技术员冲进帐篷那会儿,林峰正盯着终端右下角的倒计时——还剩十七分钟。入侵记录的IP跳转路径已经被截断,防火墙升级完成,备用链路测试通过。他没抬头,只说了一句:“把日志打包,加密存三份,一份离线。”
“林总,要不要报警?”技术员问。
“报什么?报咱们被人摸了后门?”林峰关掉监控界面,“现在最该怕的不是我们。”
他站起身,顺手把桌上的笔帽拧紧,塞进西装内袋。这动作他最近养成了习惯,每次做完重大决策前,都要确认随身物件在不在。不是怕丢,是怕自己犹豫。

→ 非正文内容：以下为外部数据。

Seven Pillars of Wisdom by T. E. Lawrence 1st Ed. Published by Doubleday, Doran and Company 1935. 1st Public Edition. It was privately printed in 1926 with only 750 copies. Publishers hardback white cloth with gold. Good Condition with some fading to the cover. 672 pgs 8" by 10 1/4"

**近期缅北粮仓项目进入关键建设阶段,为保障资源调配,系统特意激活了区域资源调度优先权。凌晨两点十七分,系统弹出提示:【区域资源调度优先权已激活,有效期72小时】。林峰点了确认,顺手调出缅北片区的地形热力图。**红色区域是已开发耕地,黄色是待整合地块,而边缘那片灰斑——正是无人机昨夜扫出来的未登记洼地。

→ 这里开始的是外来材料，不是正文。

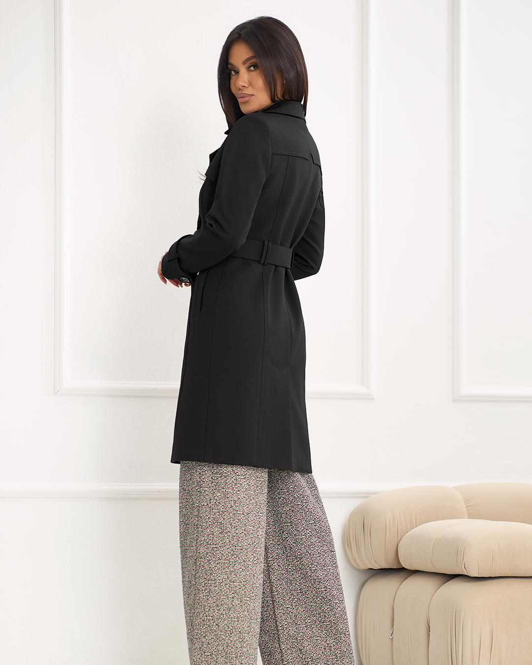 Mia to płaszcz o klasycznym fasonie trencza z dwurzędowym zapięciem i kołnierzem z klapami, które nadają mu ponadczasowego charakteru. Pasek w talii pozwala podkreślić kobiece proporcje. Boczne kieszenie dodają praktyczności, a rozporek z tyłu zapewnia wygodę i swobodę ruchu. Długość przed kolano sprawia, że prezentuje się lekko i nowocześnie. Wykończony podszewką. Mia to idealny wybór na wiosnę i lato - dla kobiet, które cenią styl, wygodę i uniwersalność w codziennych stylizacjach.

李昭是五点二十三分到的。他进门时手里拎着两杯豆浆,林峰正把一张A3纸铺在桌上,上面是无人机测绘的拼接图。
“你真打算动?”李昭把豆浆放下,“那边村委还没回信。”
“等他们回信,黄花菜都凉了。”林峰用红笔圈出三块连片地块,“咱们不等审批,自己摸底。今天之内,把周边三千亩地的权属、作物、户主全理出来。能签的先签,不能签的——也记上。”
“中间人那边……”
“让他们开价。”林峰撕开豆浆袋,“开完我再还价。”
七点整,无人机群升空。十二架飞行器呈扇形展开,红外与多光谱传感器同步启动。两小时后,第一批图像回传。技术人员在后台标注出十七处争议地块,其中三户老农的土地横跨规划主干渠线路。
林峰带着李昭和本地运营主管出发时,太阳刚爬上山脊。车在村口停下,他们步行进村。第一家姓王,七十多岁,蹲在门口啃玉米棒子。林峰没提补偿,也没说政策,只打开平板,播放三号田收割视频。
画面里,联合收割机排成长队,麦浪翻滚如金海。亩产数据跳出来时,老人眯了眼。
“你们这地,种一辈子,够你儿子在城里买半间厕所不?”林峰把平板递过去,“我让他当农机队长,月薪两万,五险一金,干满三年配车。”
老人没接话,但手里的玉米棒子停了。
第二家姓赵,儿子在外打工,儿媳死活不签字。林峰让团队把合同拆成三份:一份现金补偿,一份就业承诺,一份教育资助——他孙子明年上初中,项目组可以安排去昆明读寄宿学校。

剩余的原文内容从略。